— THE TASK —
Reproduce the listing in full, exactly as written, but without images.

— RAW DATA —

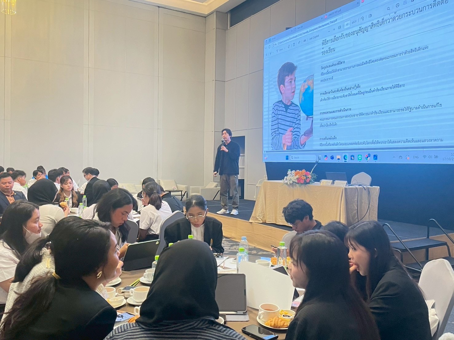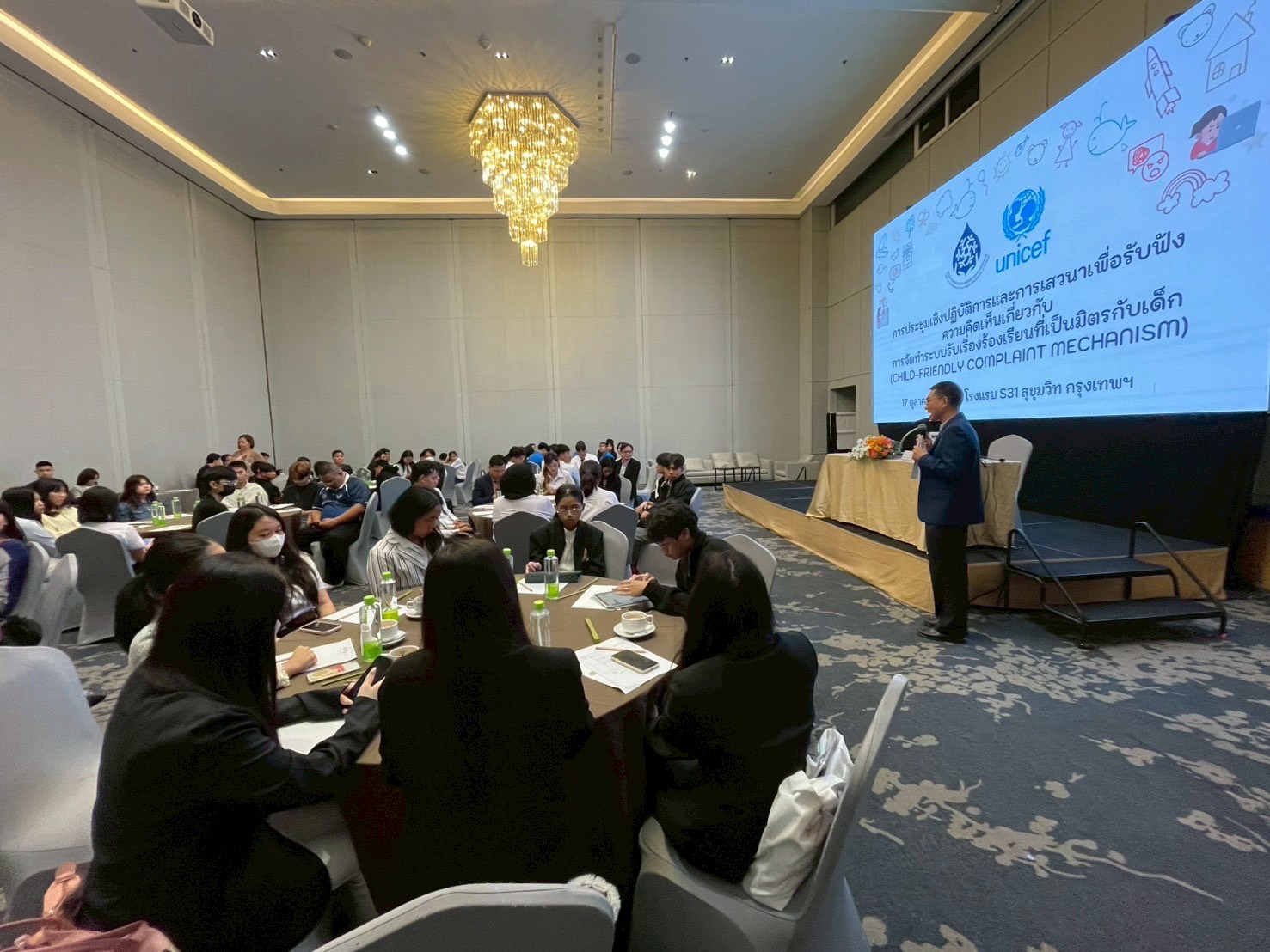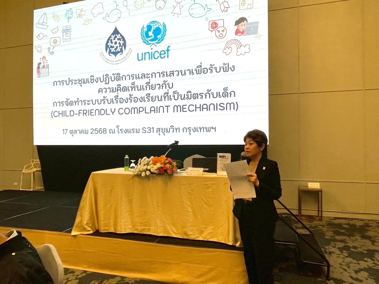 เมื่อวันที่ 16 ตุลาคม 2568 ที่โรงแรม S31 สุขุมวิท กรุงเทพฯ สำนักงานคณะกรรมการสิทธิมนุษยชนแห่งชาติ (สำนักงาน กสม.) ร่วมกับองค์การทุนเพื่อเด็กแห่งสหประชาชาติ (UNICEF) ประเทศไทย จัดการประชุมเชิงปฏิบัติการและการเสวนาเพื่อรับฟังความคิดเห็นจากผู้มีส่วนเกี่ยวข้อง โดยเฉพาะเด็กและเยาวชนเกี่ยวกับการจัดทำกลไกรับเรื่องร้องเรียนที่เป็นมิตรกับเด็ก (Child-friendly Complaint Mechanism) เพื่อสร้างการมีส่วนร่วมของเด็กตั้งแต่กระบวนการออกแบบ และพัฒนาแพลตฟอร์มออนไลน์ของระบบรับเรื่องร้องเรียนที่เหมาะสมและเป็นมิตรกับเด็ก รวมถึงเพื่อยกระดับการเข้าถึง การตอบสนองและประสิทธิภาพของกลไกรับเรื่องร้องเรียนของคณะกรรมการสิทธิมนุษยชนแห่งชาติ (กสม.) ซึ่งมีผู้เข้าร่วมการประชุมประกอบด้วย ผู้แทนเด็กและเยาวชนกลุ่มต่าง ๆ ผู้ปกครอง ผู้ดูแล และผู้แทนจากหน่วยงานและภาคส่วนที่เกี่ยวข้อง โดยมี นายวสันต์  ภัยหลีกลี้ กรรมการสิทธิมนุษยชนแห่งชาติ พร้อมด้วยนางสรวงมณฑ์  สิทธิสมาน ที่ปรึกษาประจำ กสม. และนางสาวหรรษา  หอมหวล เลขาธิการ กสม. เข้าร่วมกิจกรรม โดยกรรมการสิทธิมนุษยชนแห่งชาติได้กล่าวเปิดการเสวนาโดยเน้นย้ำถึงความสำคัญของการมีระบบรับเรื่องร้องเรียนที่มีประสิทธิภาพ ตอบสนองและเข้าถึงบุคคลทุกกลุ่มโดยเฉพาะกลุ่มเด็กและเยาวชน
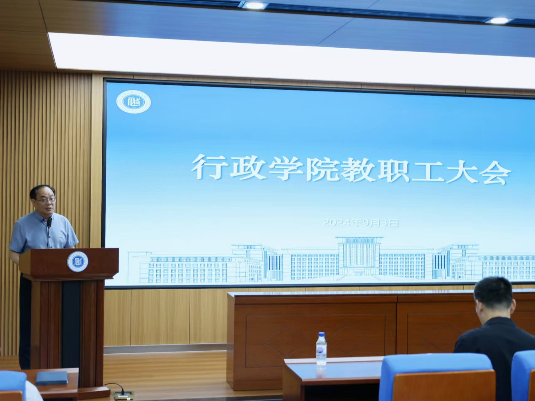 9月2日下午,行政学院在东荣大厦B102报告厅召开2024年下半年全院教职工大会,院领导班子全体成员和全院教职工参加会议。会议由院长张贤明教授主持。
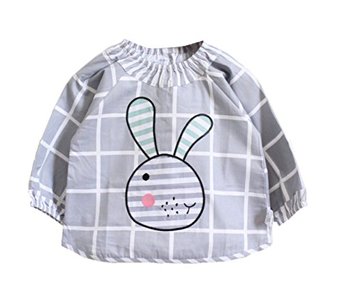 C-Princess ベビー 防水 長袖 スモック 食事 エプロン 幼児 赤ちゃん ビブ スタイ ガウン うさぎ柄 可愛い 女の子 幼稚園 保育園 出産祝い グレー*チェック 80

— EXERCISE ANSWER —
 เมื่อวันที่ 16 ตุลาคม 2568 ที่โรงแรม S31 สุขุมวิท กรุงเทพฯ สำนักงานคณะกรรมการสิทธิมนุษยชนแห่งชาติ (สำนักงาน กสม.) ร่วมกับองค์การทุนเพื่อเด็กแห่งสหประชาชาติ (UNICEF) ประเทศไทย จัดการประชุมเชิงปฏิบัติการและการเสวนาเพื่อรับฟังความคิดเห็นจากผู้มีส่วนเกี่ยวข้อง โดยเฉพาะเด็กและเยาวชนเกี่ยวกับการจัดทำกลไกรับเรื่องร้องเรียนที่เป็นมิตรกับเด็ก (Child-friendly Complaint Mechanism) เพื่อสร้างการมีส่วนร่วมของเด็กตั้งแต่กระบวนการออกแบบ และพัฒนาแพลตฟอร์มออนไลน์ของระบบรับเรื่องร้องเรียนที่เหมาะสมและเป็นมิตรกับเด็ก รวมถึงเพื่อยกระดับการเข้าถึง การตอบสนองและประสิทธิภาพของกลไกรับเรื่องร้องเรียนของคณะกรรมการสิทธิมนุษยชนแห่งชาติ (กสม.) ซึ่งมีผู้เข้าร่วมการประชุมประกอบด้วย ผู้แทนเด็กและเยาวชนกลุ่มต่าง ๆ ผู้ปกครอง ผู้ดูแล และผู้แทนจากหน่วยงานและภาคส่วนที่เกี่ยวข้อง โดยมี นายวสันต์  ภัยหลีกลี้ กรรมการสิทธิมนุษยชนแห่งชาติ พร้อมด้วยนางสรวงมณฑ์  สิทธิสมาน ที่ปรึกษาประจำ กสม. และนางสาวหรรษา  หอมหวล เลขาธิการ กสม. เข้าร่วมกิจกรรม โดยกรรมการสิทธิมนุษยชนแห่งชาติได้กล่าวเปิดการเสวนาโดยเน้นย้ำถึงความสำคัญของการมีระบบรับเรื่องร้องเรียนที่มีประสิทธิภาพ ตอบสนองและเข้าถึงบุคคลทุกกลุ่มโดยเฉพาะกลุ่มเด็กและเยาวชน
 9月2日下午,行政学院在东荣大厦B102报告厅召开2024年下半年全院教职工大会,院领导班子全体成员和全院教职工参加会议。会议由院长张贤明教授主持。
 C-Princess ベビー 防水 長袖 スモック 食事 エプロン 幼児 赤ちゃん ビブ スタイ ガウン うさぎ柄 可愛い 女の子 幼稚園 保育園 出産祝い グレー*チェック 80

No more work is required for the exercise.